Acórdão do Supremo Tribunal de Justiça
Processo:
922/01.1GAABF.S1
Nº Convencional: 5ª SECÇÃO
Relator: RODRIGUES DA COSTA
Descritores: ABUSO SEXUAL DE CRIANÇAS
ACTO SEXUAL DE RELEVO
COITO ANAL
CONCURSO APARENTE
CONCURSO DE INFRACÇÕES
CONSUMPÇÃO
CRIME CONTINUADO
CRIME ÚNICO
Data do Acordão: 01/07/2010
Votação: UNANIMIDADE
Referência de Publicação: CJASTJ, ANO XVIII, TOMO I/2010, P. 176
Texto Integral: N
Privacidade: 1
Meio Processual: RECURSO PENAL
Decisão: PROVIDO EM PARTE
Sumário : I - O coito anal é a penetração do ânus pelo pénis (actualmente, com as alterações introduzidas pela Lei 59/2007, de 04-09, a penetração também pode consistir na introdução no ânus de outras partes do corpo e de objectos), seja esta penetração total ou parcial, com ou sem emissio seminis.
II - Resultando provado que o recorrente, num segundo momento, introduziu o seu pénis no ânus do menor, ainda que de forma parcial, não se põe qualquer dúvida acerca destes factos configurarem um crime consumado de abuso sexual de criança previsto no art. 172.º, n.º 2, do CP (actualmente, art. 171.º, n.º 2, do CP).
III - Por seu turno, a “tentativa de coito anal”, correspondente à primeira investida do arguido, configuraria um crime consumado de acto sexual de relevo, dado que o arguido, depois de ter aliciado o menor a despir-se a troco de uma quantia, procurou penetrar-lhe o ânus com o pénis, o que não conseguiu, pois o menor conseguiu libertar-se e fugiu. Esse facto, só por si, configura um acto sexual de relevo, nos termos do art. 172.º, n.º 1, do CP, antes das alterações introduzidas.
IV - “A consumação verifica-se com a realização de um qualquer acto sexual de relevo, não apenas daquele que, no plano do agente, deveria culminar o processo.
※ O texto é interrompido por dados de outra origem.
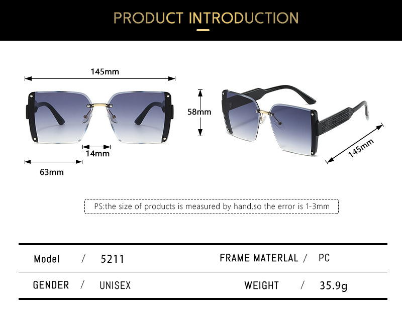 새로운 패션 스퀘어 프레임리스 엣지 컷 독특한 유럽과 미국의 쇼 라이트 럭셔리 선글라스 Ins 인터넷 연예인 동일 스타일 선글라스 트렌디

Se o agente desiste deste último, qualquer um dos actos sexuais de relevo até aí praticados é suficiente para fundar a punibilidade a título de consumação” – cf. Figueiredo Dias, in Comentário Conimbricense do Código Penal, Tomo I, pág. 457.
V - Não havendo uma diminuição acentuada da culpa do agente na reiteração da conduta e tendo, por outro lado, o próprio agente criado as condições para a prática de vários actos, não se verifica a forma de crime da continuação criminosa.
VI - Segundo a jurisprudência do STJ, a renovação da conduta do agente tem de ser facilitada por uma situação exterior e não ser devida a condições que ele próprio criou. “Quando os factos revelam que a reiteração criminosa resulta antes de uma predisposição do agente para a prática de sucessivos crimes, ou que estes resultam de oportunidades que ele próprio cria, está evidentemente afastada a possibilidade de subsumir os factos ao crime continuado − ainda que demonstrada a repetição do mesmo crime e a utilização de um procedimento idêntico, num quadro temporal bastante circunscrito −, porque se trata então de uma situação de culpa agravada, e não atenuada – cf. Ac. do STJ de 05-12-2007, Proc. n.º 3989/07 - 3.ª, Relator Conselheiro Maia Costa.
VII - No caso, para além da unidade de resolução, existe uma contiguidade temporal entre os dois momentos da actuação do arguido, mantendo-se este firme no seu propósito e esperando que o menor regressasse ao quarto para levar a cabo, como levou, o seu intento, pelo que a conduta do arguido deve ser punida pelo crime consumado previsto no n.º 2 do art. 172.º do CP (actual art. 171.º, n.º 2, do CP).
VIII - Quanto muito, ocorreria um concurso aparente de infracções, em que o agente é punido pela conduta mais grave, que realiza uma circunstância prevista na lei como agravante em relação ao crime-tipo − o coito anal. A norma que concede protecção mais acentuada a determinada situação consome a protecção, menos intensa, conferida por outra (consumpção pura).